All that said, the point of this project (in my opinion) is to demonstrate what an average, unbiased approach built on top of OMOP looks like. While I understand wanting to go see how others did it, we also know others have made mistakes and how are we to know you is "right". Further, if we peek for this phenotype, then we would need to do that for the others too otherwise we are introducing more bias. I'd prefer to write a paper that shows a realistic perspective on what it's like to implement eMERGE phenotypes. I strongly believe that it's the only way we will be able to understand how these things can be automated in the future.

mgkahn commented 5 years ago

NEW COMMENT: Logic for exclusion criteria is wrong. You need an OR (UNION) rather than an AND. Current logics says that an exclusion needs to meet all exclusion criteria. My understanding is that you are excluded if you meet ANY exclusion criteria. If so, then an OR (UNION) is the right logic in your NOT IN subquery.

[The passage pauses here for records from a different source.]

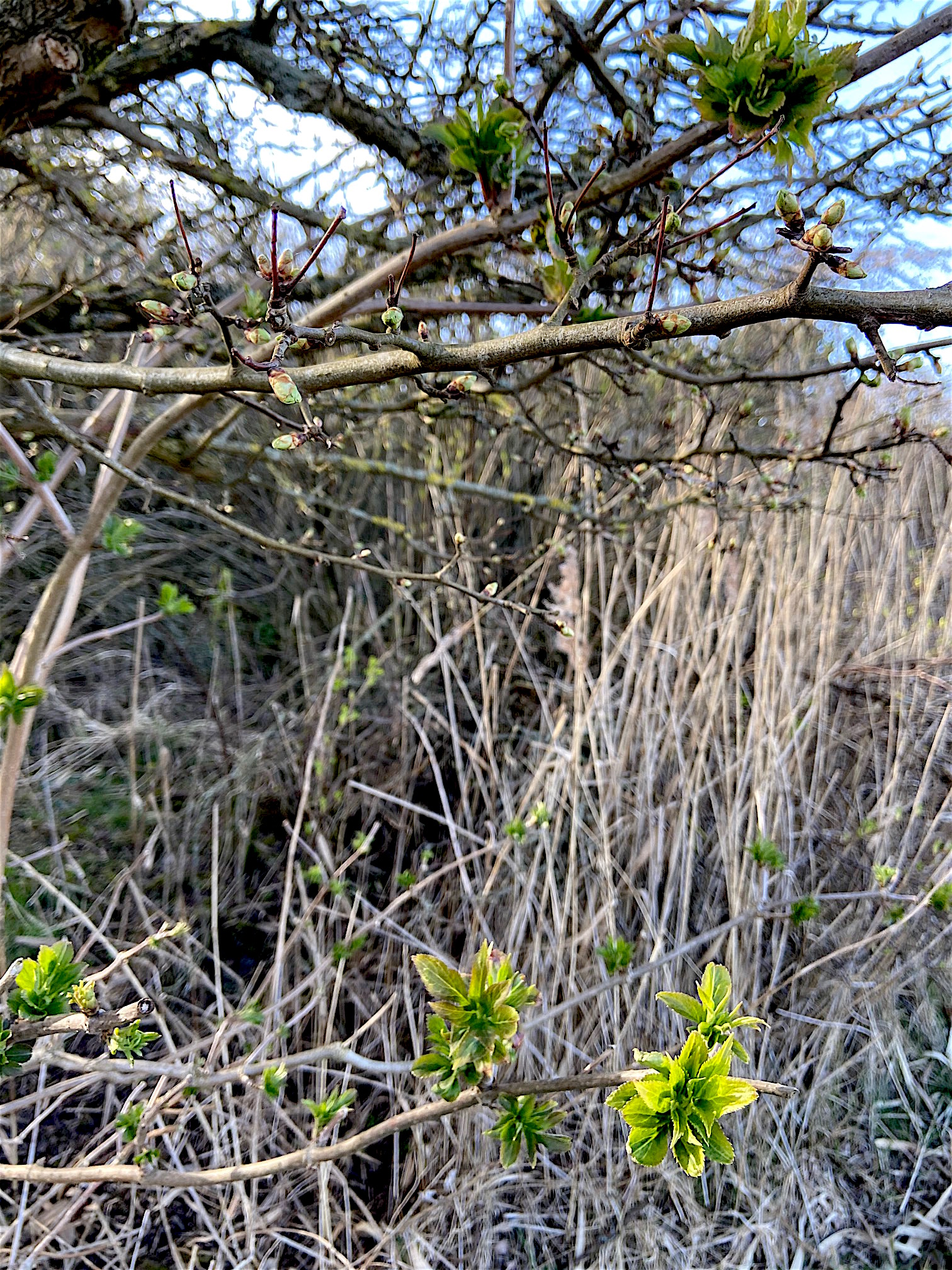 Gestern Abend lief ich mit meinem, der Nummer 1, entlang der Wattseite auf Sylt, dem Frühling auf der Spur. Und immer wieder nahm ich das Tuch von meinem Hals und wickelte es um einen Baum, ließ es im Wind flattern und wetteifern mit dem frisch aufgesprungenen Grün.
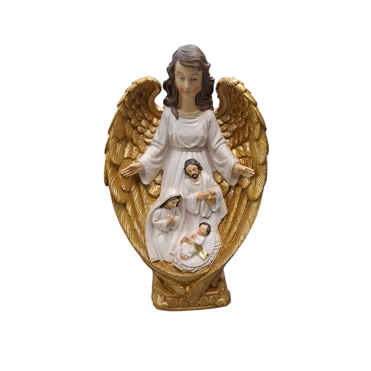 L'Angelo avvolge e protegge la sacra famiglia di Nazaret, Gesù, Giuseppe e Maria
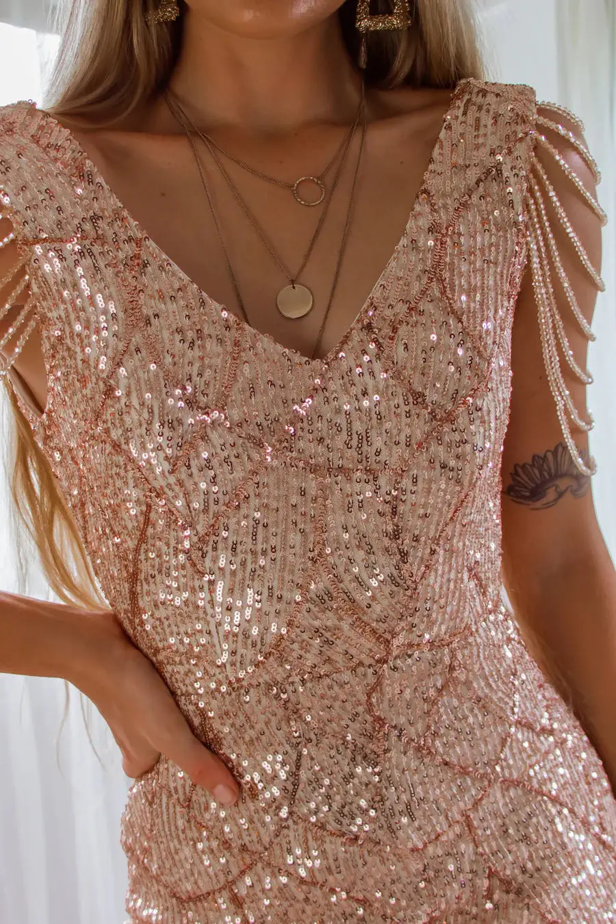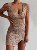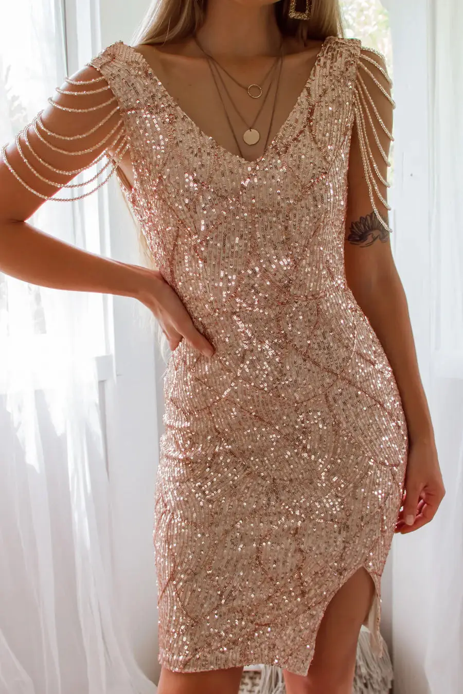 Fleepmart V Neck Short Gold Sequin Party Bodycon Dress Women Sexy Beading Evening Prom Dress 2023 New
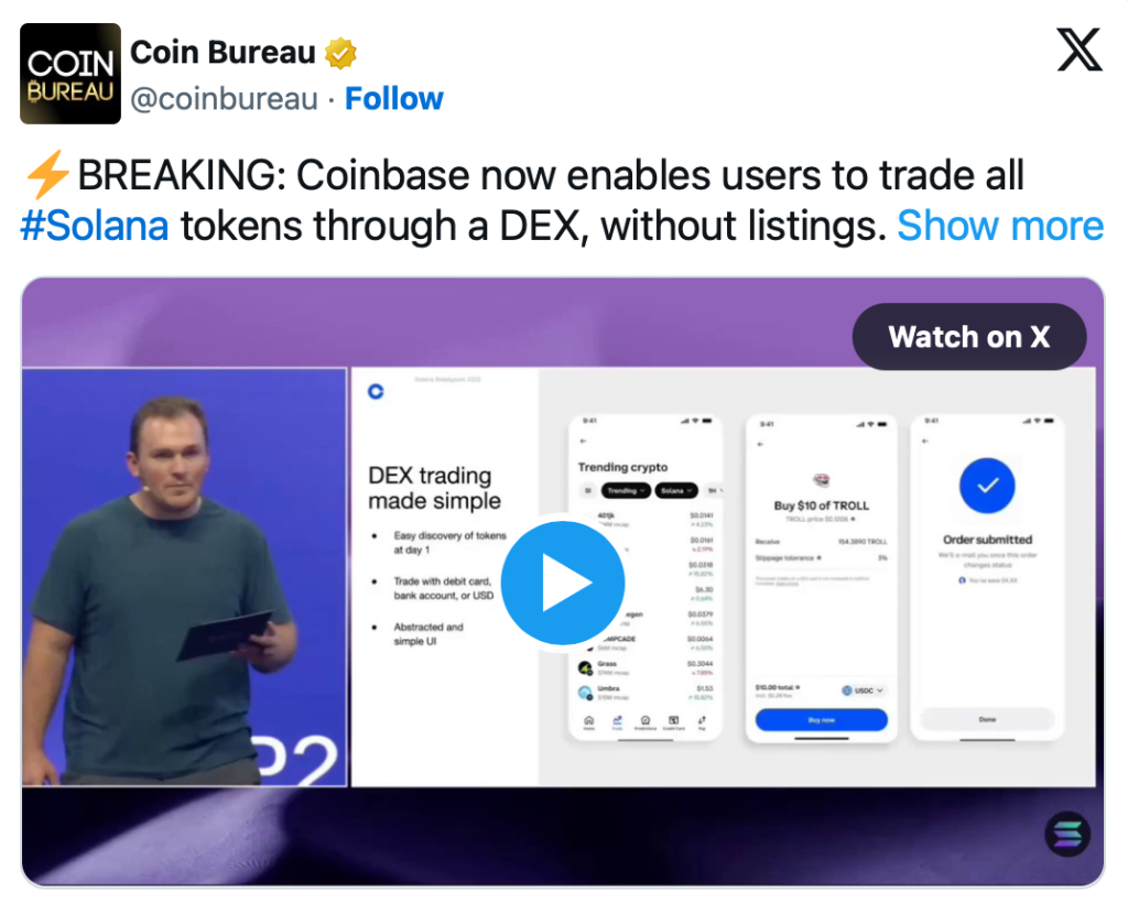 Mit der neuen Funktion ermöglicht Coinbase den direkten On-Chain-Handel sämtlicher Solana-Tokens. Die Ausführung erfolgt über dezentrale Börsen, wodurch Nutzer nicht mehr ausschließlich auf zentrale Orderbücher angewiesen sind. Stattdessen greifen sie auf bestehende Liquiditätspools im Solana-Netzwerk zu und profitieren von höherer Transparenz sowie einer deutlich größeren Auswahl an Assets.
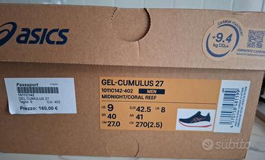 Utilizzate solo per 2 uscite vendo scarpe running Asics modello Gel-Cumulus n.42.5 vedi foto in allegato

callahantiff commented 5 years ago

NEW COMMENT: Logic for exclusion criteria is wrong. You need an OR (UNION) rather than an AND. Current logics says that an exclusion needs to meet all exclusion criteria. My understanding is that you are excluded if you meet ANY exclusion criteria. If so, then an OR (UNION) is the right logic in your NOT IN subquery.

Thanks for bringing this up, this was something that I went back and forth on too. The criteria that we were provided says that the control group can contain "none" of the case group criteria as well as some other criteria. I interpreted that as meaning they wanted to identify people that were the opposite of the case group in that they should have none of the criteria that was used to select cases. Do you disagree? I am happy to do whatever you think is best, but wanted to explain why I chose "AND" and not "OR".